Update There is now the rexcel package. This promises to get Excel formatting, functions and many other kinds of information from the Excel file and into R.
You may also want to try the XLConnect package. I've had better luck with it than xlsx (plus it can read .xls files too).
library(XLConnect)
theData <- readWorksheet(loadWorkbook("C:/AB_DNA_Tag_Numbers.xlsx"),sheet=1)
also, if you are having trouble with your file not being found, try selecting it with file.choose().
I would definitely try the read.xls function in the gdata package, which is considerably more mature than the xlsx package. It may require Perl ...
Update
As the Answer below is now somewhat outdated, I'd just draw attention to the readxl package. If the Excel sheet is well formatted/lain out then I would now use readxl to read from the workbook. If sheets are poorly formatted/lain out then I would still export to CSV and then handle the problems in R either via read.csv() or plain old readLines().
Original
My preferred way is to save individual Excel sheets in comma separated value (CSV) files. On Windows, these files are associated with Excel so you don't loose the double-click-open-in-Excel "feature".
CSV files can be read into R using read.csv(), or, if you are in a location or using a computer set up with some European settings (where , is used as the decimal place), using read.csv2().
These functions have sensible defaults that makes reading appropriately formatted files simple. Just keep any labels for samples or variables in the first row or column.
Added benefits of storing files in CSV are that as the files are plain text they can be passed around very easily and you can be confident they will open anywhere; one doesn't need Excel to look at or edit the data.
Example 2012:
library("xlsx")
FirstTable <- read.xlsx("MyExcelFile.xlsx", 1 , stringsAsFactors=F)
SecondTable <- read.xlsx("MyExcelFile.xlsx", 2 , stringsAsFactors=F)
I would try 'xlsx' package for it is easy to handle and seems mature enough
worked fine for me and did not need any additionals like Perl or whatever
Example 2015:
library("readxl")
FirstTable <- read_excel("MyExcelFile.xlsx", 1)
SecondTable <- read_excel("MyExcelFile.xlsx", 2)
nowadays I use readxl and have made good experience with it.
no extra stuff needed
good performance
This new package looks nice http://cran.r-project.org/web/packages/openxlsx/openxlsx.pdf
It doesn't require rJava and is using 'Rcpp' for speed.

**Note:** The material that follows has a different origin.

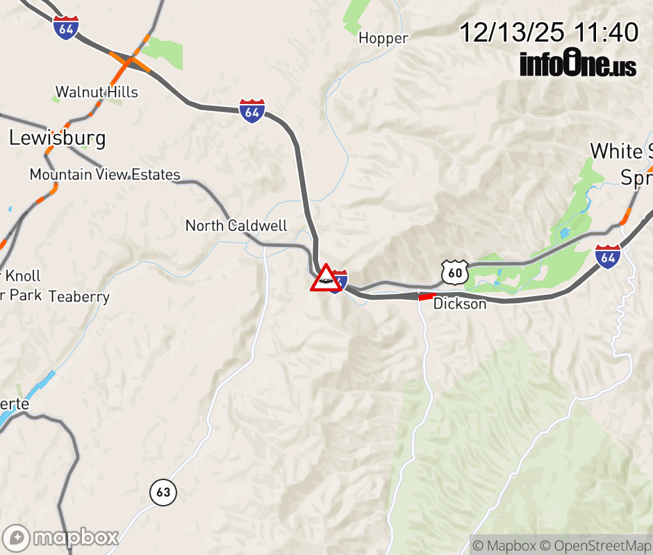 Canceled 12/13/25 1:08 PM Location: I-64 at MM 174.0, WV Accident.
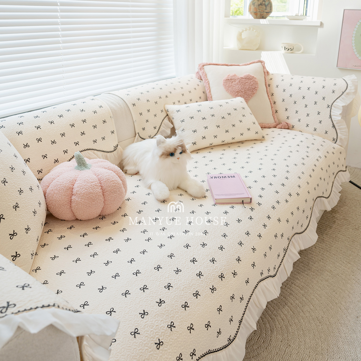 蔓越家 奶油风异形全棉沙发垫套罩四季通用纯棉防滑坐垫子盖布巾

If you are running into the same problem and R is giving you an error -- could not find function ".jnew" -- Just install the library rJava. Or if you have it already just run the line library(rJava). That should be the problem.
Also, it should be clear to everybody that csv and txt files are easier to work with, but life is not easy and sometimes you just have to open an xlsx.

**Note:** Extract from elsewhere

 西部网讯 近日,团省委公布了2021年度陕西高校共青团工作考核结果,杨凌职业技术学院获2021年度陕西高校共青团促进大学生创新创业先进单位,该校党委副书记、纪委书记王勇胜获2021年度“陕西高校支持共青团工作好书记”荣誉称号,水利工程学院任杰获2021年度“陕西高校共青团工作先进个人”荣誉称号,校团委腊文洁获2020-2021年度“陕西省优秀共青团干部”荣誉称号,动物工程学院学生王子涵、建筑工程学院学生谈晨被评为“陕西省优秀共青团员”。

For me the openxlx package worked in the easiest way.
install.packages("openxlsx")
library(openxlsx)
rawData<-read.xlsx("your.xlsx");
I recently discovered Schaun Wheeler's function for importing excel files into R after realising that the xlxs package hadn't been updated for R 3.1.0.

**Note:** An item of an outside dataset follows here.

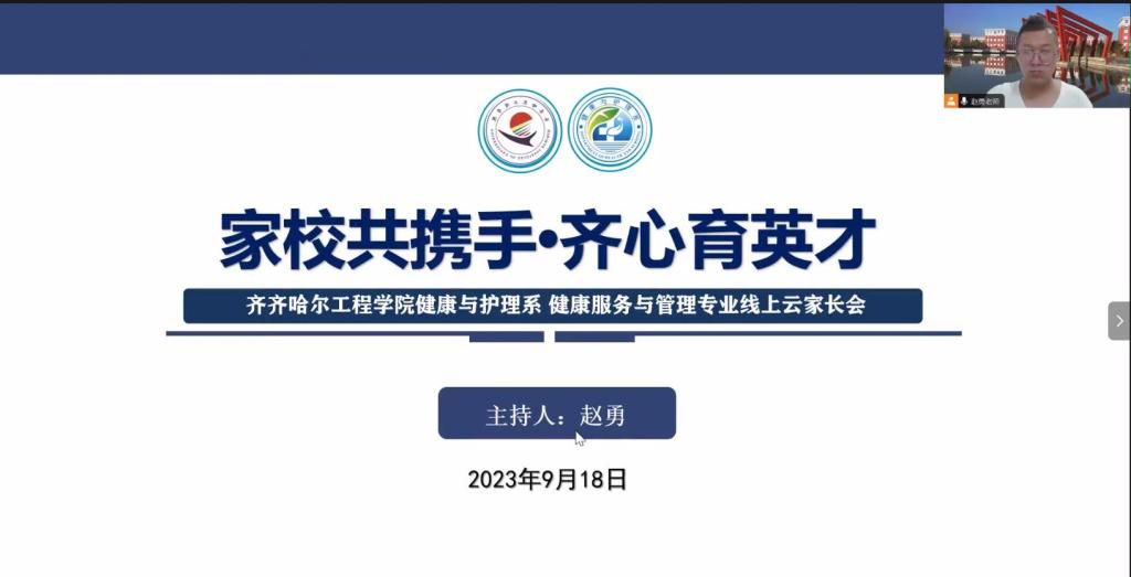 为强化沟通联系,达成家校育人共识,帮助全体学生及家长了解当前就业形势及后期实习意向选择。健康服务与管理专业组织2020级、2021级全体学生家长于2023年9月18日在腾讯会议会议中召开“家校共携手•齐心育英才”为主题的云端家长会活动。会议由辅导员赵勇老师主持,健康服务与管理专业专业负责人毕茎娜老师及全体学生参会。

https://gist.github.com/schaunwheeler/5825002
The file name needs to have the ".xlsx" extension and the file can't be open when you run the function.
This function is really useful for accessing other peoples work. The main advantages over using the read.csv function are when
Importing multiple excel files
Importing large files
Files that are updated regularly
Using the read.csv function requires manual opening and saving of each Excel document which is time consuming and very boring. Using Schaun's function to automate the workflow is therefore a massive help.
Big props to Schaun for this solution.
What's your operating system? What version of R are you running: 32-bit or 64-bit? What version of Java do you have installed?
I had a similar error when I first started using the read.xlsx() function and discovered that my issue (which may or may not be related to yours; at a minimum, this response should be viewed as "try this, too") was related to the incompatability of .xlsx pacakge with 64-bit Java. I'm fairly certain that the .xlsx package requires 32-bit Java.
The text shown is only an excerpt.